* [The task] Below are records that hold pictures; write out only the lines from their start through the line with "The PDFCat application", exactly, and drop the pictures.

* [Source information]
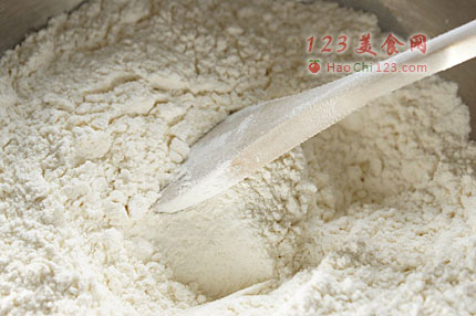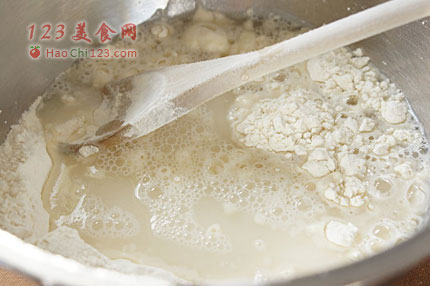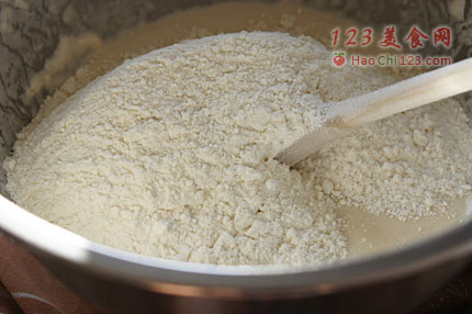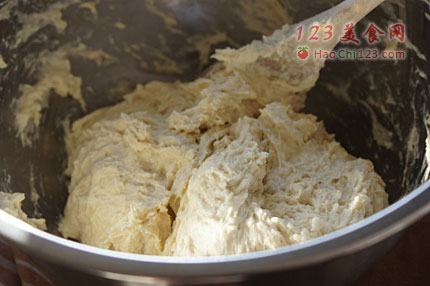 4、加入剩余的3杯面粉和3汤匙高筋面粉,继续用木勺搅拌均匀。此时搅拌有点困难,大家要有耐心,付出一些手臂力量。
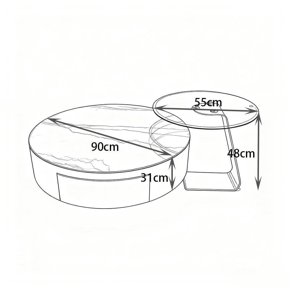 - Large Table: Diameter 90cm, Height 31cm (with drawer)
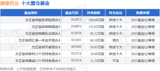 持有康缘药业最多的基金为方正富邦趋势领航混合A,目前规模为5.11亿元,最新净值0.8957(10月31日),较上一交易日上涨0.44%,近一年上涨10.25%。该基金现任基金经理为崔建波。
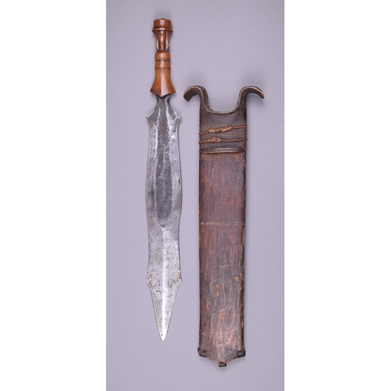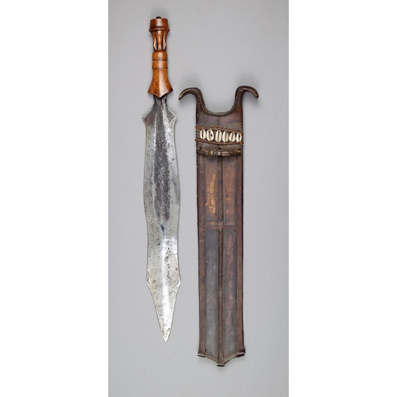 A Salampasu short sword with scabbard Mpuku Democratic Republic of Congo with a shaped blade and...
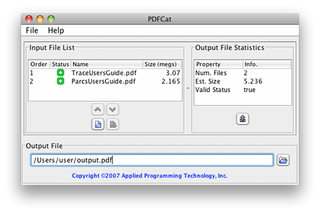 The PDFCat application merges a series of PDF files into a single file while preserving bookmarks. This Java based application can be run interactively or in batch mode. Interactive mode consists of a tabular view of input files along with output file statistics. Merge controls are included which allow the user to adjust the order in which the PDF files are merged.
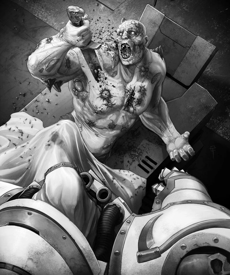 Wtedy to właśnie ujawniła się wada legendarnej wytrzymałości XIV Legionu przez. którą nie byli w stanie umrzeć cierpiąc nieprzerwane męki podczas gdy ich ciała były powoli zamieniane z zgniliznę i ropiejące tkanki przez wielkie roje kąsających owadów. To właśnie Plaga Niszczyciela była bezpośrednią przyczyną trafienia Gwardii Śmierci w objęcia Papy Nurgla. Typhon został hojnie wynagrodzony za swoje zasługi darem, który sprawił, że stał się nosicielem Plagi Niszczyciela by móc sprowadzać śmierć i zepsucie wszędzie tam gdzie się pojawi. Kapitan Gwardii Śmierci znany od tamtej pory jako Typhus przemierza rzeczywistość w celu rozprzestrzeniania swojego daru przyczyniając się tym samym do śmierci miliardów istnień.
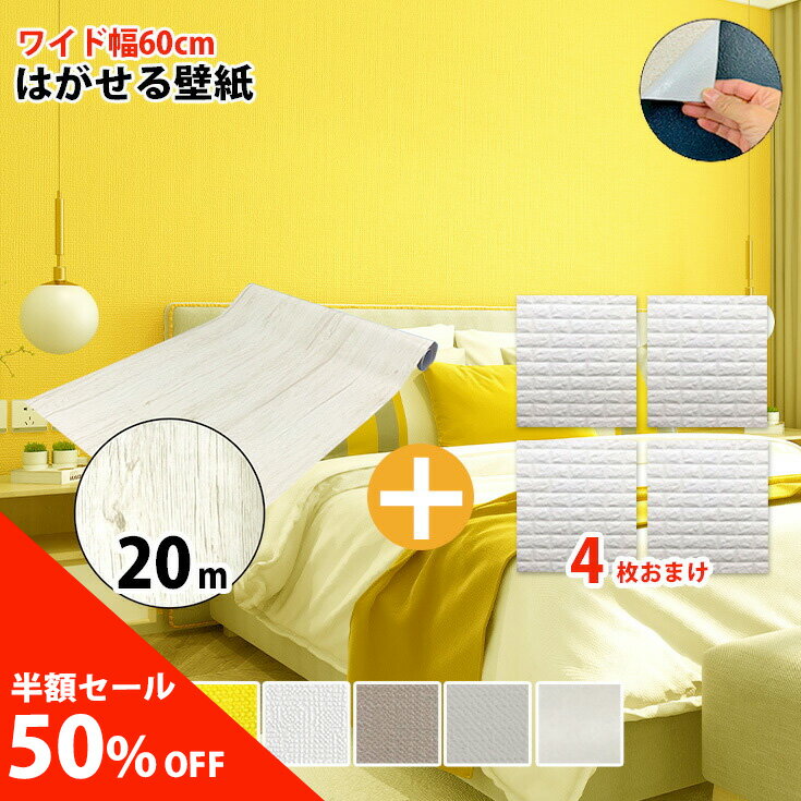\50%OFF 半額!/壁紙の上から貼れる シート はがせる 壁紙 シール 3d レンガ 立体 北欧 クッションレンガ 白 リメイクシート おしゃれ グレー 木目調 diy 黄色 イエロー 子供部屋 トイレ 簡単 張り替え 自分で 剥がせる クッション壁紙 防水 クッションシート 壁 20m+4枚■

* [Solution]
 4、加入剩余的3杯面粉和3汤匙高筋面粉,继续用木勺搅拌均匀。此时搅拌有点困难,大家要有耐心,付出一些手臂力量。
 - Large Table: Diameter 90cm, Height 31cm (with drawer)
 持有康缘药业最多的基金为方正富邦趋势领航混合A,目前规模为5.11亿元,最新净值0.8957(10月31日),较上一交易日上涨0.44%,近一年上涨10.25%。该基金现任基金经理为崔建波。
 A Salampasu short sword with scabbard Mpuku Democratic Republic of Congo with a shaped blade and...
 The PDFCat application merges a series of PDF files into a single file while preserving bookmarks. This Java based application can be run interactively or in batch mode. Interactive mode consists of a tabular view of input files along with output file statistics. Merge controls are included which allow the user to adjust the order in which the PDF files are merged.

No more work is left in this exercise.